Что же, мертвому — мертвое, а живому — живое.
И, отстояв службу божью, идет Оксен в сельсовет добиваться, чтобы ему восстановили право голоса. Ведь какой он теперь кулак? У него столько земли на едока, как и у всех, — не больше и не меньше. Сам пашет и сеет, убирает и молотит, день и ночь в трудах, и, если у него в кладовой больше, чем у других, причиной этому вот эти мозоли на руках. Да расчетливость, да вера в бога. Потому что испокон века они, Ивасюты, вот так и накапливали богатство: крошка к крошке, щепочка к щепочке — недоешь, недопей, а что-то отложи в сундук. Все нажито честным трудом, собственным горбом, а не чужими руками.
— Не чужими руками? — переспрашивает Ганжа и переводит взгляд на свои изуродованные пальцы. Лежат они перед ним на столе, неподвижные, тяжелые, и Ганжа рассматривает их с какой-то болезненной задумчивостью. И все присутствующие невольно переводят взгляд на эти руки, и Оксен тоже не может оторвать от них глаз. — Честным трудом? — произносит Ганжа. Поднимает наконец голову, смотрит прямо на Оксена: неприязненной свинцовой сизью затянуты теперь его глаза. — Что же, может, и так… Может быть, и в самом деле твой род жил только честным трудом… Никого не эксплуатировал, не грабил… А мы, нечестивцы, беспричинно обижали тебя все эти годы. И тебя, и все твое святое и божье семейство… Жаль, что я неверующий, а то нарисовал бы с тебя, Оксен, икону и ежедневно молился бы на нее…
За спиной у Оксена, стоящего перед столом председателя, раздается едкий смех. «Ких… ких… ких…» — сдерживается дед Хлипавка, закрывая рукой рот. Сидит он среди других крестьян, заполнивших сельсовет, — кто по делу, а иной и просто так: язык почесать, послушать, что говорят умные люди, — и, плененный старческой любознательностью, забыл даже о своей шапке, упавшей с колен, топчет ее латаным валенком.
— Бог вам судья, Василий! — отвечает оскорбленно Оксен. — А я как перед Христом присягаю: никогда обществу зла не причинял!
— Э, не грешите, Оксен, не грешите! — вмешивается в разговор Иван Приходько. До сих пор он сидел в самом углу на корточках, опершись спиной о вытертую до рыжей глины стену, дымил цигаркой из «дайте, если вам не жалко» табака и даже дергался от желания подлить масла в огонь.
— И вы, Иван, тоже против меня! — укоризненно покачал головой Оксен. — Нет, по-видимому, бога в вашем сердце…
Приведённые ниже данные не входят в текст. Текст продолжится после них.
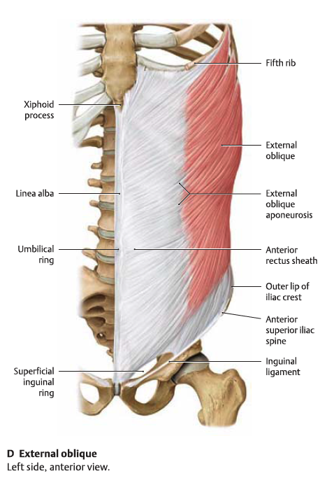 늑골 5~12번에서 기시하여 iliac crest, asis, inguinal ligament, pubic tubercle, linea alba에 종지함.

— А у вас он был? — вспыхнул Иван и выскочил, как задиристый петух, на середину комнаты. Остановился перед Оксеном и, указывая на него своим большим просмаленным табаком пальцем с черным надломленным ногтем, сказал: — Посмотрите, люди добрые, на него, какой он святой да божий! А лесок помните?!
— Какой лесок?
— Тот самый… Тот, что мы в четырнадцатом хотели обществом купить у пана… Кто нам свинью подложил? Может, забыли, Оксен?
Оксена бросило в жар. Он чувствует настороженное, враждебное отношение к нему мужиков и с запоздалым раскаянием ругает себя за то, что затеял этот разговор при людях. Но откуда он мог знать, что проклятый Иван вспомнит о лесе!
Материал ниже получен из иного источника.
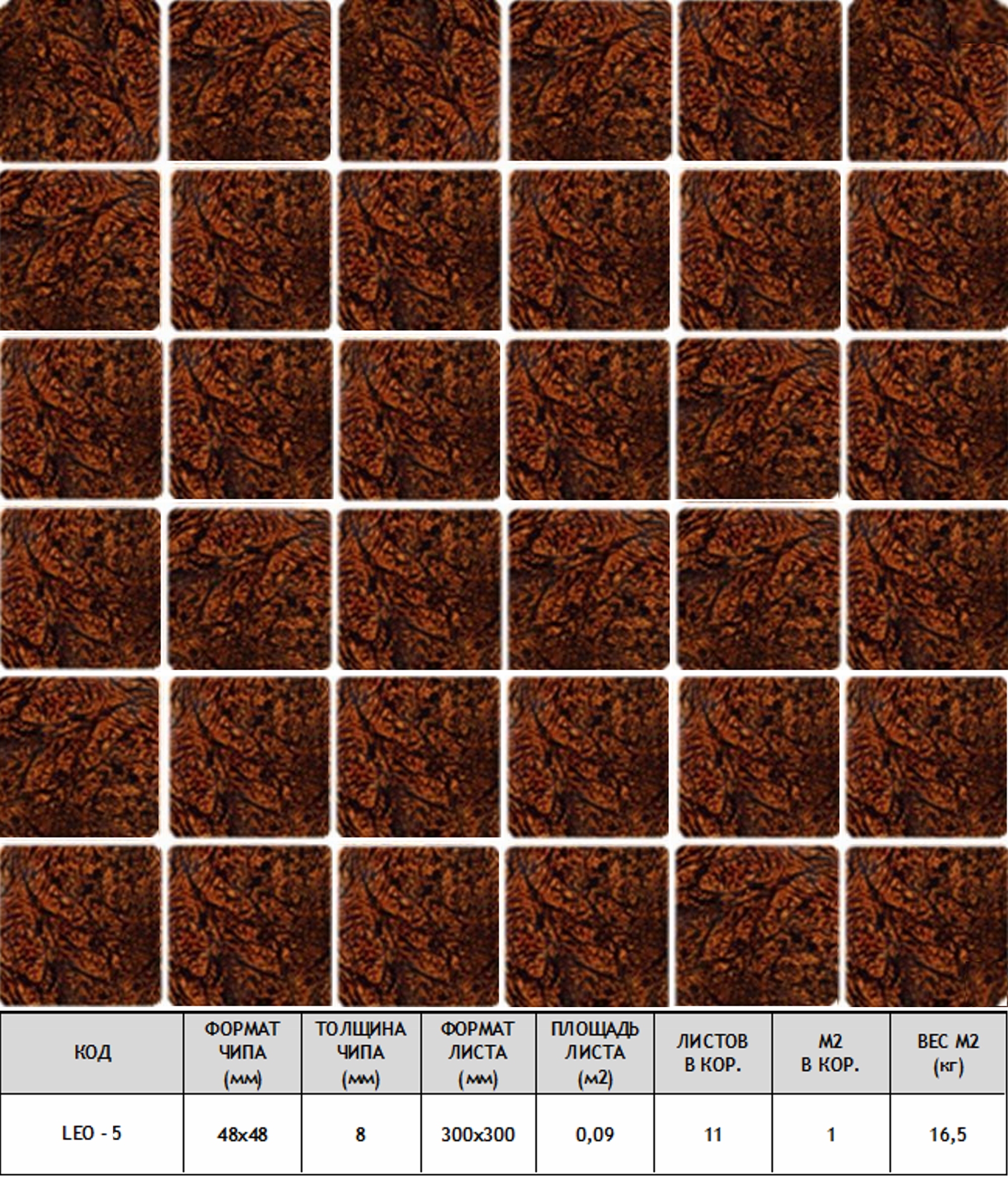 Мозаика Leo-5 стекло 30х30 см прозрачная чип 48х48 мм, коричневый

— Это для меня новость, — произносит Ганжа. — Расскажите-ка, Иван.
— Да что тут рассказывать! Хотели мы всем обществом купить у пана лесок, уже было совсем сторговались, а Ивасюта и подложил нам свинью… Пошел тайком к пану и подбросил ему лишнюю сотню. Пан и уступил ему этот лес. А обществу — шиш с маком! Еще и просил пана, чтобы об этом никому не говорил. А пан на следующий день нам все и выдал: «Покупайте теперь, люди, у Ивасюты, потому что я уже продал ему лес…»
Оксен уже не поворачивался в сторону говорившего. «Господи, когда это было, а они до сих пор мне глаза колют!.. Упаси меня, боже, от человеческой зависти!» Но вот из-за стола поднимается Ганжа, и теперь уже не поможет никакая молитва!
— Что же, люди добрые, может, в самом деле простим Ивасютам все кривды да и примем в нашу компанию? Батраков он не держал…
— Как это не держал! — даже подскочил Приходько. — А Христину забыли?
— Какую Христину! — Ганжа делает вид, что ничего не знает. — Какую Христину, Оксен?
— Побойтесь бога, Иван! — задетый за живое, поворачивается Оксен к Приходько, голос его дрожит от обиды. — Пускай вам бог простит, если вы уже и Христиной колете мне глаза!